How Do I Know If I Have Sleep Apnea?
If some or many of the following signs, symptoms, and medical issues are present, it may suggest that you have a sleep disorder related to airway insufficiency.
Signs and Symptoms
- Snoring
- Grinding your teeth, especially at night (Bruxism)
- TMJ pain
- Morning headaches
- Constant drowsiness
- Lack of regular dreams
- Memory and attention problems
- Dark circles under your eyes
- Waking up tired
- Depression
- Excessive wear on your teeth
- TMJ pain
- Facial appearance of a weak chin or retruded jaw structures
Long-Term Problems Associated with Sleep and Airway Issues
- High blood pressure
- Heart disease and stroke
- Gastric reflux and heartburn
- Low hormone levels
- Loss of libido
- Type II diabetes (insulin resistance)
- Early-onset dementia and Alzheimer’s disease
- Increased cancer risk
- Skin disorders
- Depression
Chronic oxygen deficiency causes neural damage in the hippocampus and right frontal cortex.
- 25% of patients develop hippocampal atrophy
Causing irreversible problems with:
- Non-verbal information processing
- Executive function
- Working memory
Treatment
Treatment of Upper Airway Resistance Syndrome (UARS) and Obstructive Sleep Apnea (OSA) is accomplished by advancing the upper and lower jaws through Maxillomandibular Advancement (MMA) surgery. By moving the maxilla and mandible forward, the airway is permanently enlarged from the nasal passages through the pharynx, providing a lifelong, 24/7 improvement in airflow.
MMA is the only treatment that directly addresses the underlying anatomical cause of airway obstruction. While CPAP therapy and mandibular advancement appliances can reduce symptoms during use, they do not permanently correct the airway or eliminate the underlying disease process.
Modern MMA surgery is performed entirely through the mouth (without external incisions) as an outpatient procedure. Patients are not wired shut, and advances in surgical planning and fixation techniques have made recovery more comfortable than ever before.
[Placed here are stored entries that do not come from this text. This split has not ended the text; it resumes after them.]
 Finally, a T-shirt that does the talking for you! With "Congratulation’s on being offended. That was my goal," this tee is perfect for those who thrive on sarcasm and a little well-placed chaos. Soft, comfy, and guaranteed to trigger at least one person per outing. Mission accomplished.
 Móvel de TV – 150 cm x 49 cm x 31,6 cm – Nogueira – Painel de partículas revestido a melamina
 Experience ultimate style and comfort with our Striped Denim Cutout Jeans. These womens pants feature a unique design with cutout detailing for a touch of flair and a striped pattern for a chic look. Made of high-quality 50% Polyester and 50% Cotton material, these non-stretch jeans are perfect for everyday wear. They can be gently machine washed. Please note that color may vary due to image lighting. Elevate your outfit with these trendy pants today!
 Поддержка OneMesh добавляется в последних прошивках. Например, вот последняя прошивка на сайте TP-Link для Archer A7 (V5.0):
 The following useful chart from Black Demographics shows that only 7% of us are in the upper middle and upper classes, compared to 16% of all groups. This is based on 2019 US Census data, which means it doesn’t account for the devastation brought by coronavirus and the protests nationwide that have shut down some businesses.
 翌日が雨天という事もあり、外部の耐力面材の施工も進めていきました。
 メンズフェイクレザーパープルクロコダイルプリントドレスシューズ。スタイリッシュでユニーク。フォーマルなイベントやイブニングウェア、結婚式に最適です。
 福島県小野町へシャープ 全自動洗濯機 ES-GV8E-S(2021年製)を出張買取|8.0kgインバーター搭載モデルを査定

Treatment can begin in appropriately selected children and continue through adulthood. Airway disorders are not limited to overweight individuals—many patients experience sleep-disordered breathing because of inherited jaw structure and airway anatomy rather than body weight alone.
Scientifically Proven Benefits of These Procedures
- Helps you live longer
- Enhances memory and creativity
- Improves facial appearance and may reduce food cravings
- Protects against cancer and dementia
- Helps your body ward off colds and flu
- Lowers the risk of heart attack, stroke, and diabetes
- Lowers blood pressure
- Improves sleep quality and daytime energy
- Helps you feel happier, less depressed, and less anxious
- Eliminates the need for CPAP in many patients
It is not only overweight individuals who benefit from this treatment. As much as 20% of the population may have a skeletally narrow airway. These individuals are often poor sleepers, wake up tired, develop insulin resistance, feel “wired” throughout the day, and experience numerous medical issues related to poor sleep.
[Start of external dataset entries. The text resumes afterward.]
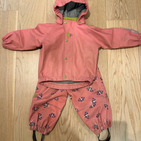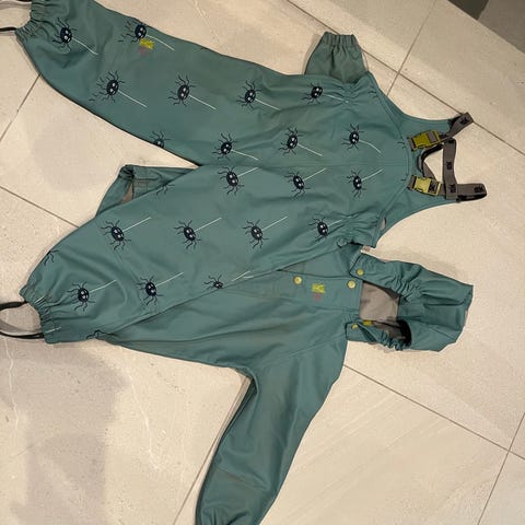 Kattnakken plask regnsett i str. 110. Godt brukt, men fungerer som det skal og er helt tett. Glidelås, knapper, sømmer og fotstropper er intakte. Har noe bruksmerker/misfarging særlig på buksen - se bilder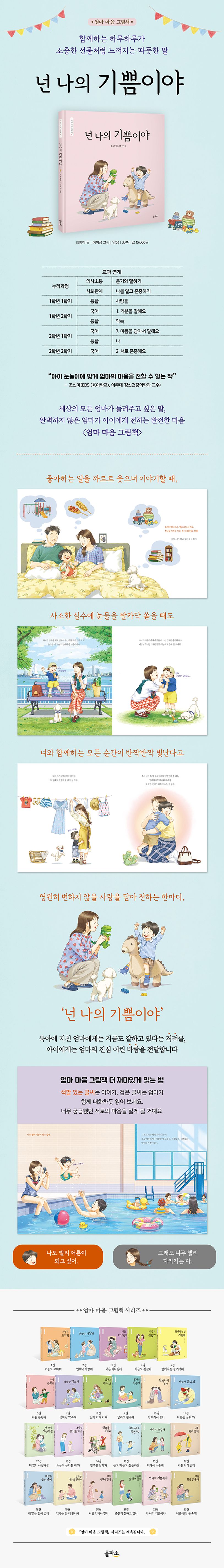 엄마가 아이에게 전하고 싶은 마음을 담은 《엄마 마음 그림책》 시리즈 스물두 번째 권 《넌 나의 기쁨이야》가 출간되었습니다. 《넌 나의 기쁨이야》는 아이가 언제 어디서 무엇을 하든 엄마 아빠에게 기쁨을 주는 존재라는 걸 알려 주는 이야기입니다.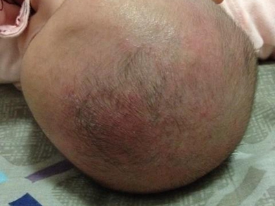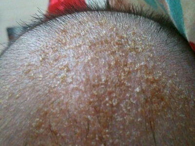干燥型婴儿湿疹头皮有一大片黄皮覆盖图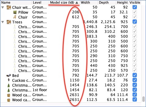 You may also display the Model size column in the furniture list with the Furniture > Display column > Model size menu item, to check the heaviest 3D models you use in your design (click on the Model size column header to sort the objects by size).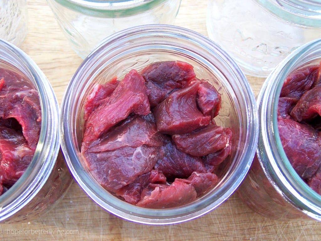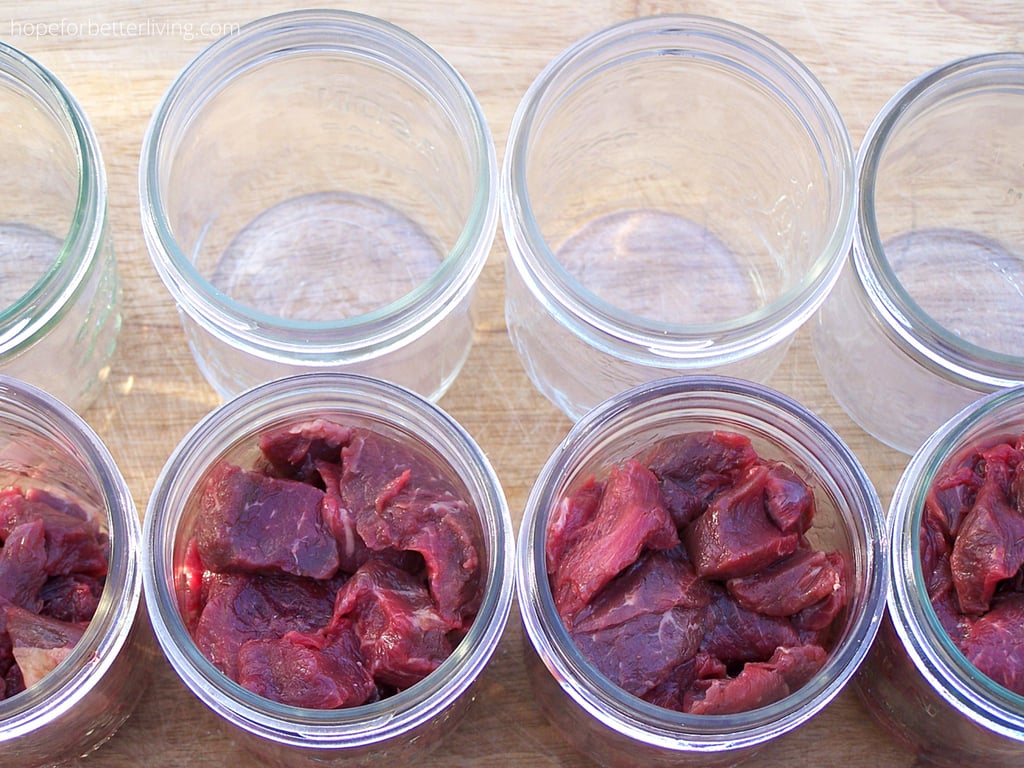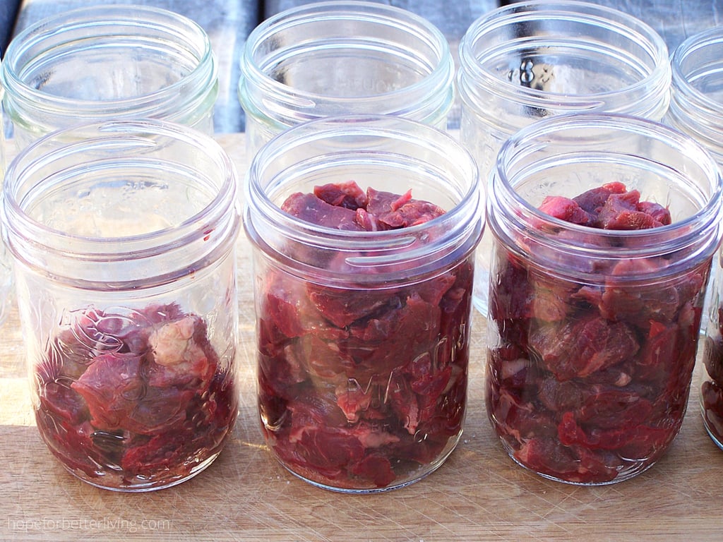 On average, expect about 1 lb of red meat to fill a 1 pint (500ml) jar. When canning in quarts, account for 2 lbs per jar. If you don't have a scale or are too lazy to use one, you can estimate. I usually do!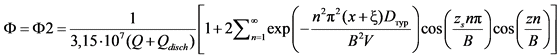 (где x - продольная координата вдоль по течению водотока с началом в точке сброса, м, а H - глубина водотока, соответствующая минимальному за последние 30 лет расходу воды в водотоке с учетом притоков, м), рассчитывается по формуле, не учитывающей разбавление сброса: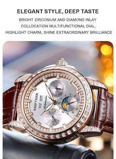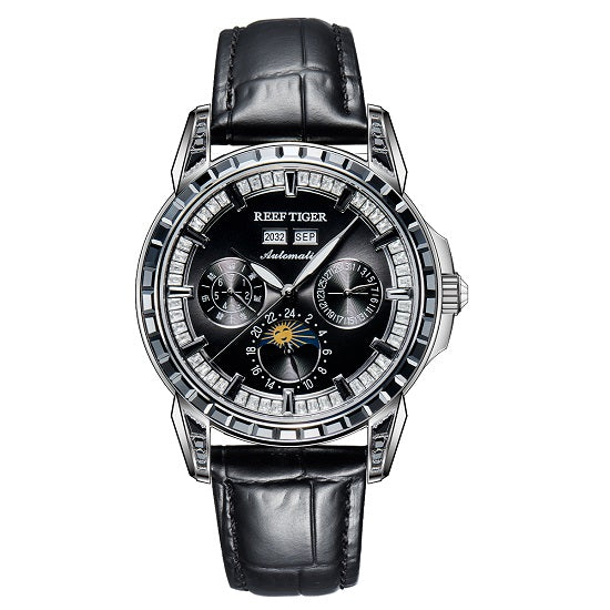 Rainbow Daytona World Collections Unique Design Golden Diamond Bezel Multifunctional Sapphire Glass Leather Luminous 50 Meters Waterproof Automatic Watch For Men by Reef Tiger

Surgeons such as myself have developed protocols to perform these procedures in our surgery centers at reasonable costs. Medical insurance may cover between 5–35% of the treatment cost.
Non-Surgical Treatment
Two non-surgical treatments are commonly used to partially alleviate symptoms but do not fully treat the disease:
- Wearing a CPAP mask while sleeping (pressurized air)
- Wearing a dental appliance that moves the jaw forward
- MAP (Mandibular Advancement Appliance)
A fourth treatment exists: surgically implanting the Inspire device, which stimulates the tongue (hypoglossal nerve stimulator). This provides approximately 10% of the improvement achieved by jaw advancement surgery and may be helpful in certain refractory treatment scenarios.
Prevalence and Extent of Sleep-Disordered Breathing
Airway and sleep disorders contribute to a large percentage of present-day illnesses and, unfortunately, remain significantly underdiagnosed and undertreated.
Studies show that 30–50% of young people and at least 50% of adults suffer from some form of sleep-disordered breathing (inadequate airway volume interrupting sleep).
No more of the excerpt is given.